There are a few problems you need to address or be aware of:

  1. 你不是在调用 super()__init__ 方法期间,因此不会发生任何继承的类初始化.Scrapy 不会做任何事情(比如调用它的 parse() 方法),因为所有这些都在 scrapy.Spider 中设置.

  1. You're not calling super() during the __init__ method, so none of the inherited classes initialization is going to be happening. Scrapy won't do anything (like calling it's parse() method), as that all is setup in scrapy.Spider.

解决上述问题后,您的 parse() 方法将被 Scrapy 调用,但不会在您的 Selenium 获取的网页上运行.它将对此一无所知,并将重新获取 url(基于 start_urls).这两个来源很可能会有所不同(通常差异很大).

After fixing the above, your parse() method will be called by Scrapy, but won't be operating on your Selenium-fetched webpage. It will have no knowledge of this whatsoever, and will go re-fetch the url (based on start_urls). It's very much likely that these two sources will differ (often drastically).
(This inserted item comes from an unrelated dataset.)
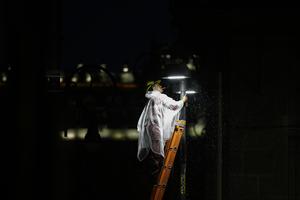(250712) — CIUDAD DE MEXICO, 12 julio, 2025 (Xinhua) — Imagen del 11 de julio de 2025 de un hombre realizando una reparación del alumbrado público bajo la lluvia, en la Ciudad de México, capital de México. (Xinhua/Francisco Cañedo) (fc) (jg) (da)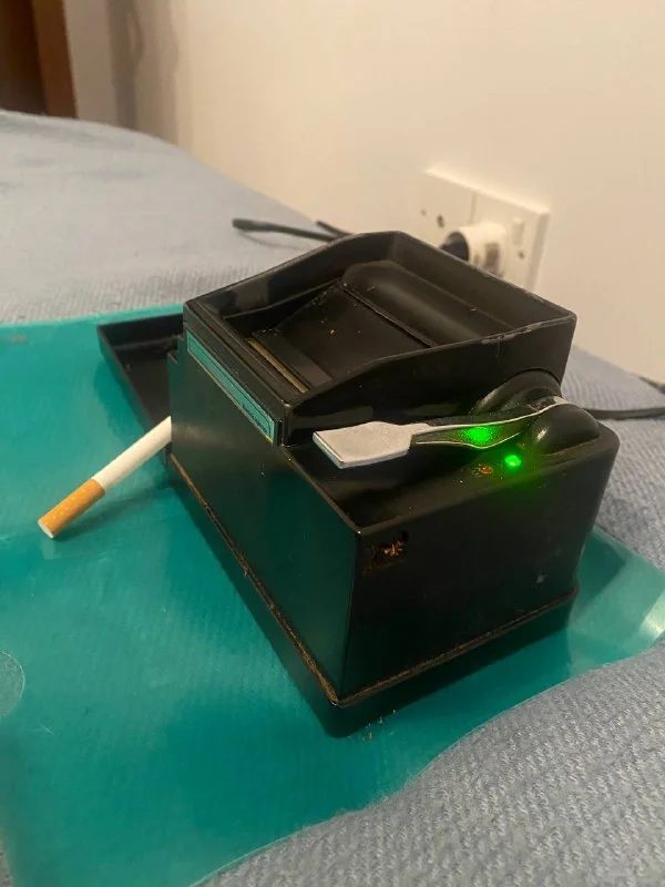 Машинка для изготовления сигарет. Всего нужно пару секунд и сигарета готова,очень удобно и быстро . Нужно только засыпать табак. В подарок 12 упаковок гильз . Цена 100 евро

您将像现在这样使用 Selenium 绕过 Scrapy 的几乎所有功能.Selenium 的所有 get() 都将在 Scrapy 框架之外执行.不会应用中间件(cookie、限制、过滤等),也不会使用数据填充任何预期/创建的对象(如 requestresponse)你期望.

You're going to be bypassing almost all of Scrapy's functionality using Selenium the way you are. All of Selenium's get()'s will be executed outside of the Scrapy framework. Middleware won't be applied (cookies, throttling, filtering, etc.) nor will any of the expected/created objects (like request and response) be populated with the data you expect.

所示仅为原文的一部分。